Intermolecular interactions and gel properties of composite agglomerative networks based on oppositely charged polymers: Effects of pH and ionic strength

Abstract

The effects of pH and ionic strength on the intermolecular interactions and gel properties—textural and mechanical properties, water holding capacity, and color— of kidney-bean-protein-isolate–sodium-alginate (KPI-SA) composite gels were investigated. According to the zeta potentials of KPI, SA, and KPI-SA in the pH range of 2.0–7.0, pH values of 3.0, 4.0, 5.0, and 7.0 were selected as the experimental conditions. Protein solubility and ATR-FTIR analysis results indicated that the forces for the formation of KPI-SA gels were different under different conditions.
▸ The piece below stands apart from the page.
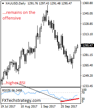 GOLD – The commodity extended its recovery on Wednesday leaving risk higher in the days ahead. However, beware of pullback threats. On the downside, support comes in at the 1,290.00 level where a break will turn attention to the 1,280.00 level. Further down, a cut through here will open the door for a move lower towards the 1,270.00 level. Below here if seen could trigger further downside pressure targeting the 1,260.00 level. Conversely, resistance resides at the 1,300.00 level where a break will aim at the 1,310.00 level. A turn above there will expose the 1,320.00 level. Further out, resistance stands at the 1,330.00 level. Its daily RSI is bullish and pointing higher suggesting further strength. All in all, GOLD looks to recover further higher.

Specifically, under neutral conditions (pH 7.0), hydrogen bonding was the most significant force, but when the pH (5.0) approached the isoelectric point (pI), hydrophobic interactions became dominant. Furthermore, as the pH (4.0, 3.0) became lower than the pI, electrostatic association became the main force. With an increase in Ca2+ concentration (20–80 mg/mL), the hydrophobic interactions were gradually enhanced while the electrostatic association was first enhanced and then weakened. When the pH decreased or the ionic strength increased, the KPI-SA gel network gradually formed a uniform and dense honeycomb structure, and the gel texture and mechanical and water-holding properties improved accordingly. The obtained results suggest that moderate acidification and increased ionic strength are promising conditions to produce composite gels for use in the food industry and other fields.